Get ready for an evening filled with laughs because acclaimed comedian Paula Poundstone
will be coming back to Hartford to perform in the MUSIC for a CHANGE benefit concert series on Saturday, Oct. 2, at 9 p.m. in Lincoln Theater
, located at the University of Hartford, 200 Bloomfield Ave., West Hartford. Tickets are $25.
Appearing on stage with a stool, a microphone and a can of Diet Pepsi, Poundstone is famous for her razor-sharp wit and spontaneity. The Boston Globe
said, "Poundstone improvises with a crowd like a jazz musician...swinging in unexpected directions without a plan, without a net." The paper also noted that, "You know Poundstone's a great comic the way you know any fine performer when you see one-there's a disarming ease in her craft, an immediate sense that she's so quick on her feet you need never worry about the possibility of something going wrong."
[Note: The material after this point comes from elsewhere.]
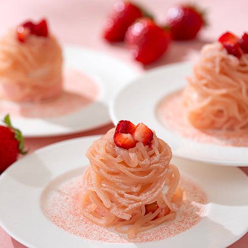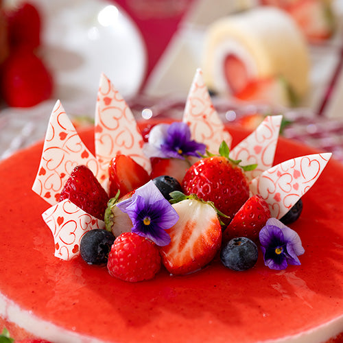 真っ赤に輝く苺を主役に、ペストリーシェフが織りなす華やかなデザートがずらり。絞りたてのモンブランに、まるごと苺のロールケーキなど、どこを切り取っても至福のひと皿。苺の香りに包まれる、夢のようなひとときをお楽しみください。

Her off-kilter sensibility and impeccable timing made her a perfect fit for NPR's "oddly informative," weekly news quiz program, "Wait Wait...Don't Tell Me," which she joined as a regular panelist seven years ago. Hosted by Peter Segal, the show is broadcast in 50 states and gives Poundstone a chance to match wits with some of today's leading pundits - not to mention interact with some of the people at the forefront of our nation's eyes, such as Supreme Court Justice Stephen Breyer and former White House Press Secretary the late Tony Snow.
Poundstone, who grew up in Sudbury, Mass., became part of the Boston comedy scene in 1979, and then moved to San Francisco where she continued to flourish. By 1990 she'd relocated to Los Angeles and had starred in several comedy specials for HBO, as well as appeared on "Saturday Night Live" when friend and mentor Robin Williams hosted the show. Poundstone's first one-hour HBO special, "Cats, Cops, and Stuff," led to her becoming the first woman to ever receive the Cable ACE for best standup comedy special. She also starred in a self-titled talk show series for HBO (for which she won her second Cable ACE Award for Best Program Interviewer, beating out other, more recognized names in that field.)
By the mid-1990s, Poundstone had shifted her performances from comedy clubs to performing arts centers and theatres where her interactions with the crowd became the stuff of legend. In 1996, Paula taped her second hour special for HBO, "Paula Poundstone Goes to Harvard," - the first time that university has ever allowed it's name to be used in the title of a television show. Poundstone's first book, There's Nothing In This Book That I Meant To Say
. (Harmony Books, a division of Random House, Hardcover pub: November 2006, with foreword by Mary Tyler Moore), is part memoir, part monologue, This unique laugh-out-loud book features biographies of legendary historical figures including Abraham Lincoln, Joan of Arc and Sitting Bull, among others, from which Poundstone can't help digressing to tell her own..
In 2007 BRAVO premiered Poundstone's latest standup comedy special: "Paula Poundstone: Look What the Cat Dragged In" In 2009 Poundstone released her first comedy CD: I HEART JOKES: Paula Tells Them In Maine
, 60 minutes of the smartest comedy recorded live at the sensational Stone Mountain Arts Center - because as she says, "It's very hard to do it any other way."
The University of Hartford launched the MUSIC for a CHANGE series in the spring of 2000, with the goal of using music as means of helping the Hartford community. To date, more than $150,000 has been raised for a number of Greater Hartford nonprofit organizations.